Rechtsstaatlichkeit im EU-Haushalt

Danke, dass Ihr auf das Thema Rechtsstaatlichkeit in der letzten Folge eingegangen seid. Das Zitat von Katarina Barley, das Ihr erwähnt, konnte ich nicht wiederfinden, aber es spiegelt nur einen Teil der Wirklichkeit ab.

In der Tat hatte die deutsche Ratspräsidentschaft Ende September einen Kompromiss vorgeschlagen, der Rechtsstaatsbrüche nur im Zusammenhang mit Ausgaben aus EU-Mitteln ahnden würde. Laut Politico: "breaches of the principles of the rule of law in a Member State affect in a sufficiently direct way the sound financial management of the EU budget or the protection of the financial interests of the Union.”

Das ist offenkundig auf Widerstand aus dem Parlament gestoßen. Am Ende haben sie sich darauf geeinigt, dass die Formulierung zur Verbindung mit den EU-Mitteln bleibt aber auch explizit die Unabhängigkeit der Justiz genannt wird:

Das scheint auch schlüssig: Wo die Unabhängigkeit der Justiz nicht gewährleistet ist, kann auch nicht sichergestellt werden, dass Gelder rechtsmäßig ausgegeben wird.
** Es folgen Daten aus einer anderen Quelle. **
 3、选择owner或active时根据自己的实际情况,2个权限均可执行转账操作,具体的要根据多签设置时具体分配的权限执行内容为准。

Abschwächung gab es aber auch an anderen Stellen. Ursprünglich hatte die Kommission beispielsweise vorgeschlagen, dass Sanktionen durch umgekehrte qualifizierte Mehrheit angenommen werden. Mit anderen Worten: Sanktionen sind angenommen, wenn nicht eine qualifizierte Mehrheit der Mitgliedstaaten (14 Mitgliedstaaten, die 65% der Bevölkerung in sich versammeln) dagegen ist. Am Ende ist rausgekommen, dass eine qualifizierte Mehrheit die Sanktionen annehmen muss. Aber das ist immer noch besser als die aktuelle Einstimmigkeit bei dem Artikel-7 Verfahren.
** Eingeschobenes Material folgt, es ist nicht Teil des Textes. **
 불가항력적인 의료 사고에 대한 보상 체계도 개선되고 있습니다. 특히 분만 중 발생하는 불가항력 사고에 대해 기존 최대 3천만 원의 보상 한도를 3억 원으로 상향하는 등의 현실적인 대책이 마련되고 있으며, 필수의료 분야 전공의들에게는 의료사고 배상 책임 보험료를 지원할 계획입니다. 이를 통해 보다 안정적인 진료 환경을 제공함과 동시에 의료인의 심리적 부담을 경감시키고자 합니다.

Ich bezweifle allerdings, dass der aktuelle Kompromiss alleine reicht, um auch sicherzustellen, dass Grundrechte wie das Recht auf Asyl oder die Nicht-Diskriminierung von (sexuellen) Minderheiten gewährleistet ist. In der erster Linie geht es darum, ein funktionierendes demokratisches Institutionengefüge sicherzustellen. Die Kommission wird aber nicht in der Lage sein, eine nicht-Einhaltung des Asylrechts zu sanktionieren. Höchstens den Mangel an rechtlichen Mitteln, um dagegen vorzugehen. Daher war ich ein bisschen über Eure Definition verwundert, dass die Rechtsstaatlichkeit automatisch die Einhaltung der Grundrechte impliziert. Auf jeden Fall wäre es ein wichtiger erster Schritt, wenn dieser Sanktionsmechanismus eingeführt wird, um den Druck auf Polen und Ungarn zu erhöhen.

Zur Frage, wieso die Rechtsstaatlichkeit an das Budget geknüpft wird, wird im DLF-Podcast ([Deutschlandfunk - Der Tag - Deutschlandfunk] Wieso der EU-Haushalt blockiert ist; am Anfang, ca. ab 1:26 min.) darauf verwiesen, dass ein Bezug zum Haushalt (bzw. dessen Gefährdung) dargestellt werden muss, weil das Rechtsstaatlichkeit-Prinzip ja mit dem Haushalt verabschiedet werden soll. Ohne den direkten Bezug würde es wohl vom EUGH in Luxemburg gekippt werden.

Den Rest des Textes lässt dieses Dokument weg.